Show that $|\sum _{j=1}^n \frac{\cos (2\pi jx)}{j}| \leq C -\log |\sin (\pi x)| $

Question

Show that there exists a constant $C\geq 0$ such that for all $n\geq 1$ : $$|S_n(x)|=|\sum _{j=1}^n \frac{\cos (2\pi jx)}{j}| \leq C -\log |\sin (\pi x)|, \quad \forall x\in ]0,1]. $$

Since $S_n(x)$ converge uniformly on each interval $[\epsilon , 1]$ with $\epsilon >0$, it is suffisant to show that the result is true on a neighbourhood of $0$.

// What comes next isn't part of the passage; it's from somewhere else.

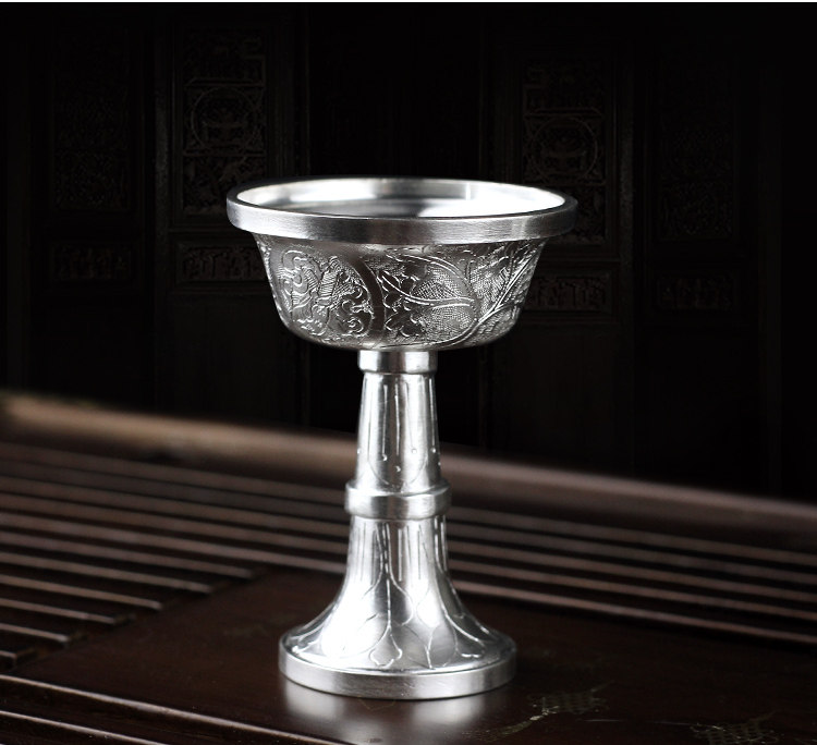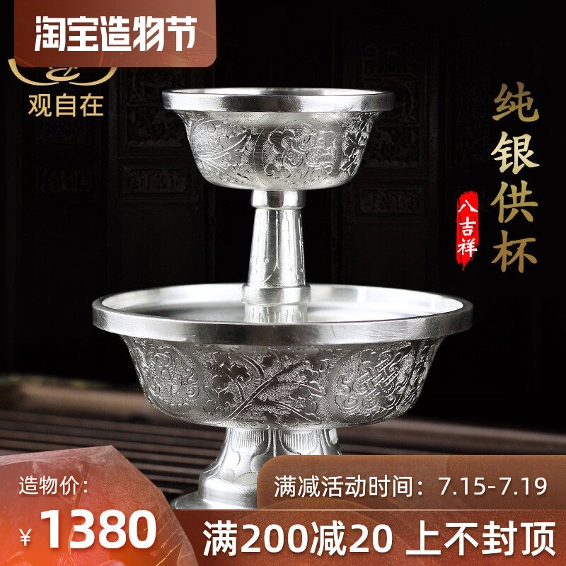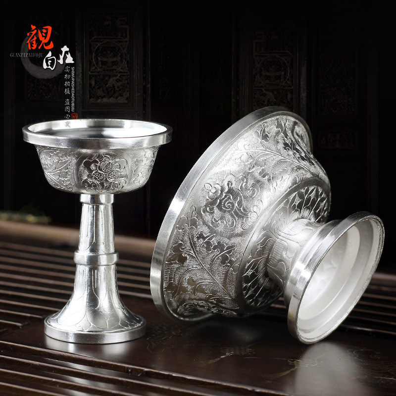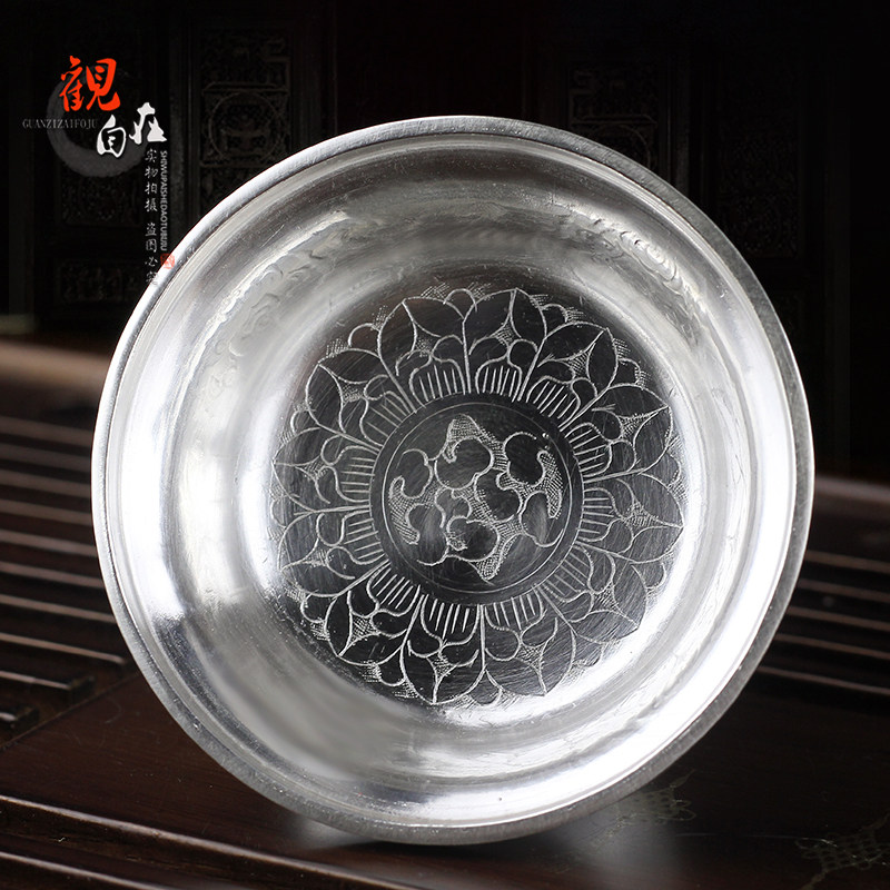 Серебряная серебряная чашка восемь благоприятные лотосные лотосные качели на дому мебели храмовый храм мини -нога серебряная серебряная серебряная чашка буддийские поставки 138G

I tried to use an Abel transformation and use the fact that $|\sum _{j=1}^n\cos (2\pi jx)|\leq C'|\sin (\pi x)^{-1}|$. But this majoration is too crude and it doesn't work.

Answer 1

This is indeed an exercise about Fourier series. We have that:

$$\log\sin(\pi x) = -\log 2-\sum_{n\geq 1}\frac{\cos(2\pi n x)}{n} $$

holds as an identity over $L^2((0,1))$, since: $$ \int_{0}^{1}\log\sin(\pi x)\,dx = -\log 2$$ follows from considering Riemann sums and the identity: $$ \prod_{k=1}^{n-1}\sin\frac{\pi k}{n}=\frac{2n}{2^n},$$ while over $|z|<1$ we have: $$\sum_{n\geq 1}\frac{z^n}{n} = -\log(1-z) $$ so we can evaluate the previous identity in $z=e^{2\pi i x}$ by Abel's lemma, then take the real part.

Answer 2

I think I've found an alternative proof.

We can write $\sum _{j\geq 1}\frac{\cos (2\pi jx)}{j} =\sum _{j\leq \lambda} \frac{\cos (2\pi jx)-1}{j}+ \sum _{j\leq \lambda}j^{-1}+\sum _{j>\lambda } \frac {cos(2\pi jx)}{j}=A_1+A_2+A_3.$

Since $|\cos (x) -1|\leq x^2/2$ we have : $$ |A_1|\leq \sum _{j\leq \lambda}4\pi ^2 jx^2 \leq C_1\lambda ^2x^2 $$

and : $$ |A_2| \leq \log (\lambda ) +1$$

By using Abel transform we can show that : $$ |A_3| \leq C_3 (\lambda x)^{-1}.$$

By taking $\lambda =x^{-1}$, we obtain that : $\sum _{j\geq 1}\frac{\cos (2\pi jx)}{j} \leq C' +\log (1/x) \leq C -\log (| \sin (\pi x)|).$

Do you think my proof is correct ?